- [PROBLEM TO WORK ON] Copy each line of the records below, from the first through the one that contains "课程伊始,陈丽教授以一个简洁", exactly as written.

━━━━━ DATA PROVIDED ━━━━━

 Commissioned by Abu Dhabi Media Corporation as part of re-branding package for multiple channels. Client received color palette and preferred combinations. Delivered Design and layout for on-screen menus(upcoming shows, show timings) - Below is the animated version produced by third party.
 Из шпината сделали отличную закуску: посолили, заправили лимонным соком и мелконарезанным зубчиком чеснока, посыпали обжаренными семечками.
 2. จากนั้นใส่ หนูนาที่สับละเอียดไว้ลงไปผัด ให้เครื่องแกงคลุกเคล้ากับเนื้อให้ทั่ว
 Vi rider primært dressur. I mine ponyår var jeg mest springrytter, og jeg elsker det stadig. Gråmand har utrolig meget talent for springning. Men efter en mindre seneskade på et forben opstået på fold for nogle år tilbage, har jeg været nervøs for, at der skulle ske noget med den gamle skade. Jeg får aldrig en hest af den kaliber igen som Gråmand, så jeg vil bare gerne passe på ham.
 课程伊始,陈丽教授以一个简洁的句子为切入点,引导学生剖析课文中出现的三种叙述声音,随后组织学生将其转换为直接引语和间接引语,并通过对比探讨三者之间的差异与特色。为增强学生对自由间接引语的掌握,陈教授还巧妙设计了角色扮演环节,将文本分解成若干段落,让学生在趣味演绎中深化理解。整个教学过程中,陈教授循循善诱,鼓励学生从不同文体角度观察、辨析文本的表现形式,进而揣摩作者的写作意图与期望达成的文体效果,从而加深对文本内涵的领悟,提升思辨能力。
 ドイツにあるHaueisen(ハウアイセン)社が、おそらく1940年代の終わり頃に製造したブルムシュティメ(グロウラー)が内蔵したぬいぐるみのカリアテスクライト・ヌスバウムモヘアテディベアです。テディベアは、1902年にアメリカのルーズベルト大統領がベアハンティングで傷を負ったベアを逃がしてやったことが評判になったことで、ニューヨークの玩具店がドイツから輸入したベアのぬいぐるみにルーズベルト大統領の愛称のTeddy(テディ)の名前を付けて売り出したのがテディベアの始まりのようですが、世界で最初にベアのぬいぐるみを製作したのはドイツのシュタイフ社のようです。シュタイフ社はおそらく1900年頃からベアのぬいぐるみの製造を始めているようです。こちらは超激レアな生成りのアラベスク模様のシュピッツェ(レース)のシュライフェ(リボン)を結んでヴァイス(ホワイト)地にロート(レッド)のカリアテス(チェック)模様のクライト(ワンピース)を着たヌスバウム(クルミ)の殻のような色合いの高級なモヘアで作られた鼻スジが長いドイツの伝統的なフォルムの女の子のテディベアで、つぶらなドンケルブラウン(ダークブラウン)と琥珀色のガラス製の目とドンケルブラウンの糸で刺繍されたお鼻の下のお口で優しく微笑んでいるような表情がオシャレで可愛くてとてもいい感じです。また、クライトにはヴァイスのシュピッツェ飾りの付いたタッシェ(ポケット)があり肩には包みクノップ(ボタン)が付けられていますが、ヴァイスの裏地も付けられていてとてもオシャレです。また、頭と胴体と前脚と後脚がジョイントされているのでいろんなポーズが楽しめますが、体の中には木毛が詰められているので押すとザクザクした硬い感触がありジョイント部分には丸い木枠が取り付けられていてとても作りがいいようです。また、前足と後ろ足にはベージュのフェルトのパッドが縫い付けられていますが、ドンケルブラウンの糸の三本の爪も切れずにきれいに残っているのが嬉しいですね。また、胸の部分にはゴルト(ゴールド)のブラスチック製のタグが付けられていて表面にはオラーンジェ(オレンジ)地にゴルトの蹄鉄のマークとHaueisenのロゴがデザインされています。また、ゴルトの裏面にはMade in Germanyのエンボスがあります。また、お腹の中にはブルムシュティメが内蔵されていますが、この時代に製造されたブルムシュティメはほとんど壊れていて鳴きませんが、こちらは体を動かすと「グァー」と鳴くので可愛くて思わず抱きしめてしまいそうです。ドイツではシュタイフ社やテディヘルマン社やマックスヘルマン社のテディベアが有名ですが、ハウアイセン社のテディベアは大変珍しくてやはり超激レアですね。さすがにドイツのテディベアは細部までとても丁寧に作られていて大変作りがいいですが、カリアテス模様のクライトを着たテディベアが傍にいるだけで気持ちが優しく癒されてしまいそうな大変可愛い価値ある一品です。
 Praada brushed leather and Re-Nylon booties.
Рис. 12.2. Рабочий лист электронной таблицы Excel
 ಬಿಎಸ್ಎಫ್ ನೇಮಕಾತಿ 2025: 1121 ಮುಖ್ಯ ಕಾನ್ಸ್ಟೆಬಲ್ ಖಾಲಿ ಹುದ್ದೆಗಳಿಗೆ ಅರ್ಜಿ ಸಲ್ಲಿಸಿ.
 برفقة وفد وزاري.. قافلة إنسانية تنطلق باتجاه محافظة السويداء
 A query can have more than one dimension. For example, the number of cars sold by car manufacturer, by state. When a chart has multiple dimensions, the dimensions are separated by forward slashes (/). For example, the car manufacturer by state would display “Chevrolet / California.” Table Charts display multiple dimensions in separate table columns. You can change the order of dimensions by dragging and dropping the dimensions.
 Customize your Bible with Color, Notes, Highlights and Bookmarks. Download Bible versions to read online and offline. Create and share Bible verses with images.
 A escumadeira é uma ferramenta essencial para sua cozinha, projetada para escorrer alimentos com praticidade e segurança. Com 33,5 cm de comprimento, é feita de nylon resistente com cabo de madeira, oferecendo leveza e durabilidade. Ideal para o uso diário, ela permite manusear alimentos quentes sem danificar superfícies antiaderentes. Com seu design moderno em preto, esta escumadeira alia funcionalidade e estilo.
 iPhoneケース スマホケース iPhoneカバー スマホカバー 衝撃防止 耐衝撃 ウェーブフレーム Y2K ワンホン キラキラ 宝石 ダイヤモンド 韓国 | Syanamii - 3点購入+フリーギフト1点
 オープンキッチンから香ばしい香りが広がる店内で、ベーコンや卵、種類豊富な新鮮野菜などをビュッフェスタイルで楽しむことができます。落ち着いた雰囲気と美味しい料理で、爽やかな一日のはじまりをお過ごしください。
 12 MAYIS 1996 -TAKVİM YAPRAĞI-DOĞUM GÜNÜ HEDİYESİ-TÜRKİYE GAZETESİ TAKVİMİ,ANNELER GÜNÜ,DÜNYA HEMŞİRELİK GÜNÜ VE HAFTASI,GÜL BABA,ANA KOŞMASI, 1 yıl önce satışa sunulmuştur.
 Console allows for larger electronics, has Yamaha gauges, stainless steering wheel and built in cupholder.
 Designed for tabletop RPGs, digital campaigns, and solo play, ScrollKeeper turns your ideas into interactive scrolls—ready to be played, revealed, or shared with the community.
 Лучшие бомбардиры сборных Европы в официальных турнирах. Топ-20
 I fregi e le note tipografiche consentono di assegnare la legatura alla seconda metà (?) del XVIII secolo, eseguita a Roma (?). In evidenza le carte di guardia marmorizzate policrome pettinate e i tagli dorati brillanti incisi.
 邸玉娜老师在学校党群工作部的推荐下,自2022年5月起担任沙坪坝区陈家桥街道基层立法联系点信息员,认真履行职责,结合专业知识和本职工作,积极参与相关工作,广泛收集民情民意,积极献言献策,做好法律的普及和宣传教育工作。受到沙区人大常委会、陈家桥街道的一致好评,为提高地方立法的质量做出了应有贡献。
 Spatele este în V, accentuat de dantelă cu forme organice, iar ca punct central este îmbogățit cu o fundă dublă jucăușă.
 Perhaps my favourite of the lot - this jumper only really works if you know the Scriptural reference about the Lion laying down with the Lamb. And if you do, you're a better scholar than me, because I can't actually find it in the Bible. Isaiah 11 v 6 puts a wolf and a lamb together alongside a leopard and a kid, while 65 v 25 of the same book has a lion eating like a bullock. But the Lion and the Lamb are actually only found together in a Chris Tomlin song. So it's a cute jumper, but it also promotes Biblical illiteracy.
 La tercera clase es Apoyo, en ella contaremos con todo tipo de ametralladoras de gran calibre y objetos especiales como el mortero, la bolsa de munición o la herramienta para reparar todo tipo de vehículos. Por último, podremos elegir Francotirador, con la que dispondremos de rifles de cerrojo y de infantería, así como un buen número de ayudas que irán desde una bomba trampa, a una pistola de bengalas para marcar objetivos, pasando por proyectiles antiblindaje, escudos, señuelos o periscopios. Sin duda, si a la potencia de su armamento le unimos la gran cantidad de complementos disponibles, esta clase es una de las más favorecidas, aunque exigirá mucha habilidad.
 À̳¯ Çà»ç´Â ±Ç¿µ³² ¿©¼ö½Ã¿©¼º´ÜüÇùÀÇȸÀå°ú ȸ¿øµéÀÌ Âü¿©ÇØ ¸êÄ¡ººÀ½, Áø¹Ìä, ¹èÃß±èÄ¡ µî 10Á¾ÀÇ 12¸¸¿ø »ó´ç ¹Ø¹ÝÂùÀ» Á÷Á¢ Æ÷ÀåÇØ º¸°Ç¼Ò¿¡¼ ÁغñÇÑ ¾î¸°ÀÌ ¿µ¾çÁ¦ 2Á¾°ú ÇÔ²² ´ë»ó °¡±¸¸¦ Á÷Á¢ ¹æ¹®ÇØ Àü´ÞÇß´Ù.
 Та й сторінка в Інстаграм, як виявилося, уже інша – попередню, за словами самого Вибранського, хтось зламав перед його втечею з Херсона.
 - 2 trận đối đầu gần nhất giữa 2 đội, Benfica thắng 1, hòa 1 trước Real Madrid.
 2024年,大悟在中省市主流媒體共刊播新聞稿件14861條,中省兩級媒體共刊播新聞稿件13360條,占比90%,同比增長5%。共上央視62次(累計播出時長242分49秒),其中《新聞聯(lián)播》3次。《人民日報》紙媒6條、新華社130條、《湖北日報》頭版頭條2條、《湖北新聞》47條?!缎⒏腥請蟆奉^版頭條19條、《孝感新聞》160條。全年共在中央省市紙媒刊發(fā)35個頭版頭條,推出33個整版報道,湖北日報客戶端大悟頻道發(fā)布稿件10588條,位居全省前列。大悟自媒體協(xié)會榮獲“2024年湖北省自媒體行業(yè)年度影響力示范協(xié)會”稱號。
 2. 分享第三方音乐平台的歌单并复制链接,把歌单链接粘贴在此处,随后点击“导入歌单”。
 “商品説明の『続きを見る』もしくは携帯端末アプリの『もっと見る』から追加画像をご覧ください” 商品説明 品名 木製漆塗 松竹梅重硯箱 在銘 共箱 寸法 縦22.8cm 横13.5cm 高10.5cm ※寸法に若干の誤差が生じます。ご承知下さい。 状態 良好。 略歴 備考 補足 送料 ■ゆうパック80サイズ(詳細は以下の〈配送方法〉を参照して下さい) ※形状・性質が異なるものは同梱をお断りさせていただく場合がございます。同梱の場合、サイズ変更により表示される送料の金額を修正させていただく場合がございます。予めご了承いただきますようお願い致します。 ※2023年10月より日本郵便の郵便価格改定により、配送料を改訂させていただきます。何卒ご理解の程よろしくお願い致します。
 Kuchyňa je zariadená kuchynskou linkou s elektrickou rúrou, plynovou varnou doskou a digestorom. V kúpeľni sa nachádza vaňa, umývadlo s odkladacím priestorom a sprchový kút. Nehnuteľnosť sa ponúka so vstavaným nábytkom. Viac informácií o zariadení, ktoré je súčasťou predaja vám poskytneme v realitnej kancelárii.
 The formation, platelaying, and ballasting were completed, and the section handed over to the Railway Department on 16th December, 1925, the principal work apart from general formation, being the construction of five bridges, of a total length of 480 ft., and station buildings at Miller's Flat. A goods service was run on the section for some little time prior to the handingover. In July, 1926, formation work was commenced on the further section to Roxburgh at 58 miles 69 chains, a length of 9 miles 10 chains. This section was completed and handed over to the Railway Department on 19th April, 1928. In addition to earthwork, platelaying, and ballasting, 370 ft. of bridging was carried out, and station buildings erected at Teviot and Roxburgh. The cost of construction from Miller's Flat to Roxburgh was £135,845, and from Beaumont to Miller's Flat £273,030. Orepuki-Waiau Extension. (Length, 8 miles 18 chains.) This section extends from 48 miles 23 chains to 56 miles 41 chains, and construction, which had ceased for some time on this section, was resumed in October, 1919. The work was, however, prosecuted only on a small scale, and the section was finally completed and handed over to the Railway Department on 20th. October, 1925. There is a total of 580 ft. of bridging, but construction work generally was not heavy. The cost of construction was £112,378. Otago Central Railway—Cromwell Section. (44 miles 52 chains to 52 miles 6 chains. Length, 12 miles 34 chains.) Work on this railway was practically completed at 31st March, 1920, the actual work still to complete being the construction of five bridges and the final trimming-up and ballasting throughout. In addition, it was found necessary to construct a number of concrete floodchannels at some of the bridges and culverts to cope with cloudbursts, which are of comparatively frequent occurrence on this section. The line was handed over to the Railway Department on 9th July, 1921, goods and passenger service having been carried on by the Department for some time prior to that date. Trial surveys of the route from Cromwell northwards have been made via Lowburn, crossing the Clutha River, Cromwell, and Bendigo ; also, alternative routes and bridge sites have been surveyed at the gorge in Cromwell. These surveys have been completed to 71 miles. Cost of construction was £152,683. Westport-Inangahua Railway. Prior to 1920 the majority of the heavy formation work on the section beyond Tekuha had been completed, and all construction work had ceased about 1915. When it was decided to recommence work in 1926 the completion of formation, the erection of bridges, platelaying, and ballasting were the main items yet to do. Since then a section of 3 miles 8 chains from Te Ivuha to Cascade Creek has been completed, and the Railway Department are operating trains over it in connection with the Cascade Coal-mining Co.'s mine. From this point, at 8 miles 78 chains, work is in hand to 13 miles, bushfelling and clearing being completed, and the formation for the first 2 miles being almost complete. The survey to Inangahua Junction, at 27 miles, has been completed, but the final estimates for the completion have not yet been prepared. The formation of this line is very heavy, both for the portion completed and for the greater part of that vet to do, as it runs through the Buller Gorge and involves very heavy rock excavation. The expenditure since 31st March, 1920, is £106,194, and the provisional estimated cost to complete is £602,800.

━━━━━

- [EXPECTED OUTPUT]
 Commissioned by Abu Dhabi Media Corporation as part of re-branding package for multiple channels. Client received color palette and preferred combinations. Delivered Design and layout for on-screen menus(upcoming shows, show timings) - Below is the animated version produced by third party.
 Из шпината сделали отличную закуску: посолили, заправили лимонным соком и мелконарезанным зубчиком чеснока, посыпали обжаренными семечками.
 2. จากนั้นใส่ หนูนาที่สับละเอียดไว้ลงไปผัด ให้เครื่องแกงคลุกเคล้ากับเนื้อให้ทั่ว
 Vi rider primært dressur. I mine ponyår var jeg mest springrytter, og jeg elsker det stadig. Gråmand har utrolig meget talent for springning. Men efter en mindre seneskade på et forben opstået på fold for nogle år tilbage, har jeg været nervøs for, at der skulle ske noget med den gamle skade. Jeg får aldrig en hest af den kaliber igen som Gråmand, så jeg vil bare gerne passe på ham.
 课程伊始,陈丽教授以一个简洁的句子为切入点,引导学生剖析课文中出现的三种叙述声音,随后组织学生将其转换为直接引语和间接引语,并通过对比探讨三者之间的差异与特色。为增强学生对自由间接引语的掌握,陈教授还巧妙设计了角色扮演环节,将文本分解成若干段落,让学生在趣味演绎中深化理解。整个教学过程中,陈教授循循善诱,鼓励学生从不同文体角度观察、辨析文本的表现形式,进而揣摩作者的写作意图与期望达成的文体效果,从而加深对文本内涵的领悟,提升思辨能力。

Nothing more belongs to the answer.